Introduction

Inorganic anion coordination by proteins is of paramount significance for recognition, transformation, and translocation processes in biology1,2,3. From a supramolecular perspective, this is simply driven by patterned cooperative, non-covalent interactions (e.g., arginine residues and backbone amides) combined with the hydrophobic effect as mimicked by synthetic systems2,4. These host design elements are often matched to the intrinsic physical properties of a guest anion, including the anion size, shape, charge, basicity, and dehydration enthalpy4,5,6,7. On this basis, proteins can exhibit an exquisite degree of anion selectivity. Historically, this has been exemplified by comparing the bacterial periplasmic proteins for phosphate and sulfate. The phosphate-binding protein (PBP) from Escherichia coli cannot recognize sulfate, whereas the sulfate-binding protein (SBP) from Salmonella typhimurium cannot recognize phosphate8,9. On the other hand, proteins can be promiscuous, resulting in the recognition of more than one anion; examples include carbonic anhydrase enzymes and chloride channels10,11. While such phenomena are observed, the underlying rules by which “selective” anion coordination is achieved by proteins remains underexplored.

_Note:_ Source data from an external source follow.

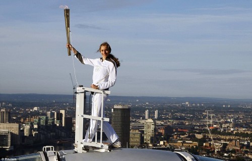 7月22日,英國探險家、倫敦奧運會火炬手戴維·亨普勒曼-亞當斯在“倫敦眼”上展示奧運火炬。當日,倫敦奧運會火炬傳遞繼續在倫敦進行。英國探險家戴維·亨普勒曼-亞當斯的女兒艾米莉亞玩了一把驚險游戲:爬出觀光倉,站在外面鳥瞰倫敦。現年17歲的艾米莉亞同樣是一個冒險者,去年她在父親的陪同下抵達南極點,成為史上最年輕的南極征服者。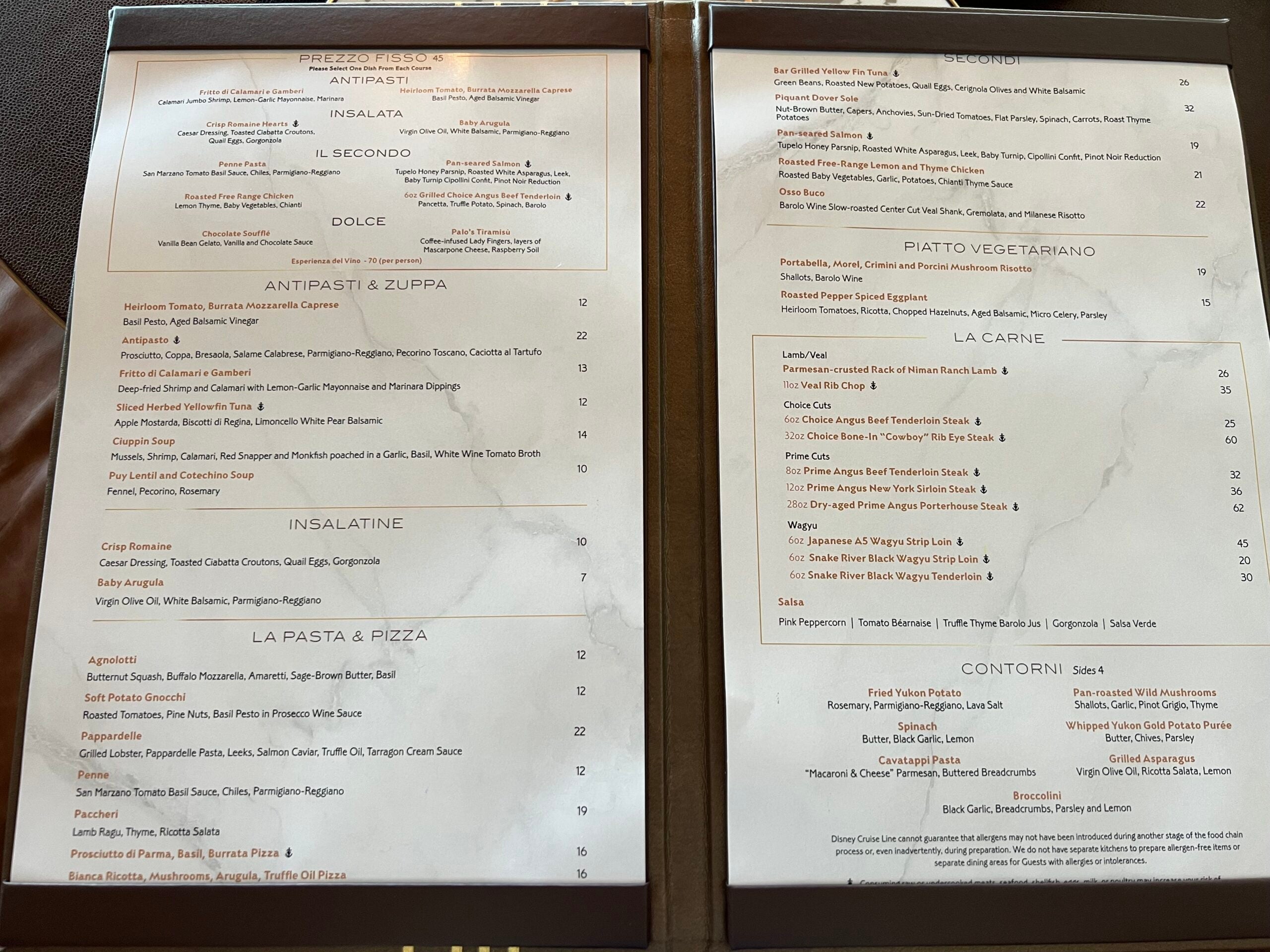 Expect a multi-course dinner at Palo to be close to a two-hour affair, which I'd say is an excellent use of your $50 (plus tip). Consider that a child's Bibbidi-Bobbidi Boutique hair, makeup and dress makeover costs $180-plus, most massages start close to $200, and an onboard beverage tasting is typically in the $40 to $50 range, and it's clear that dinner at Palo is a comparative steal by comparison.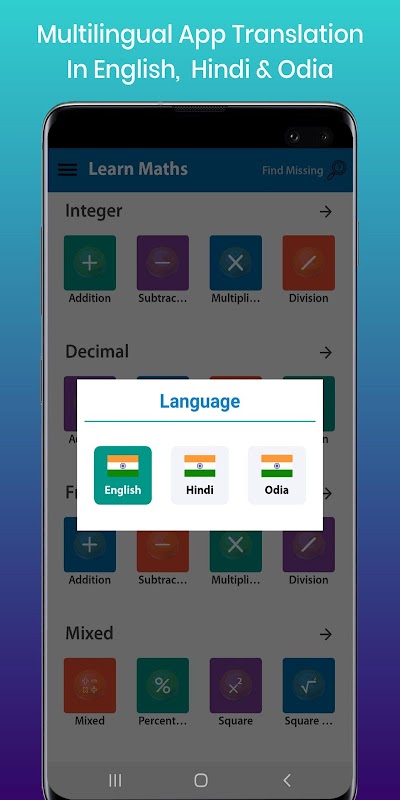Learn Maths123 is an excellent mobile application for preschool and grade school kids to learn basic arithmetic ideas like Addition, Subtraction, Multiplication, Division, Decimals, Fractions, pure mathematics and so on. This app create a better result for learning ability through practice of mental maths. Its like a Mental Math game which will enhance the brain. It is a multilingual app with two major language such as English, Hindi and one regional language such as Odia widely used across the country.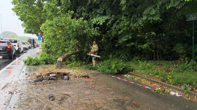 Daar was een boom, die eind vorige week in onduidelijke omstandigheden aangereden was, gevaarlijk aan het overhellen. Er werd dan ook uit veiligheidsoverwegingen besloten om de boom te rooien. Een klus die de brandweer in minder dan 15 minuten klaarde. Eens de boom verzaagd was, was het gevaarlijk voor fietsers en voetgangers geweken.

To this end, we have established a program to understand and exploit promiscuity in anion-sensitive fluorescent proteins12,13,14,15,16. More recently, we broadened our scope to unravel the molecular drivers of promiscuity versus specificity in anion-binding proteins for fundamental research and translational applications17. Here, we have chosen to work with NreA, a unique nitrate sensory protein found in the food-grade bacterium Staphylococcus carnosus (ScNreA) (Fig. 1A)18,19. The first observation pointing to promiscuity is from early-stage phasing with non-native iodide to determine the ScNreA X-ray crystal structure (Fig. 1B)20. ScNreA adopts a GAF_2 domain fold with a binding cleft defined by dipole moments oriented along the α3 and α6 helices20. Specifically, three main chain amides connecting residues L67, A68, and I97, and one sidechain amide from residue W45 coordinate to nitrate and iodide. Nearby hydrophobic residues—L61, G66, Y95, P96, and I97—shield the binding pocket from bulk water20.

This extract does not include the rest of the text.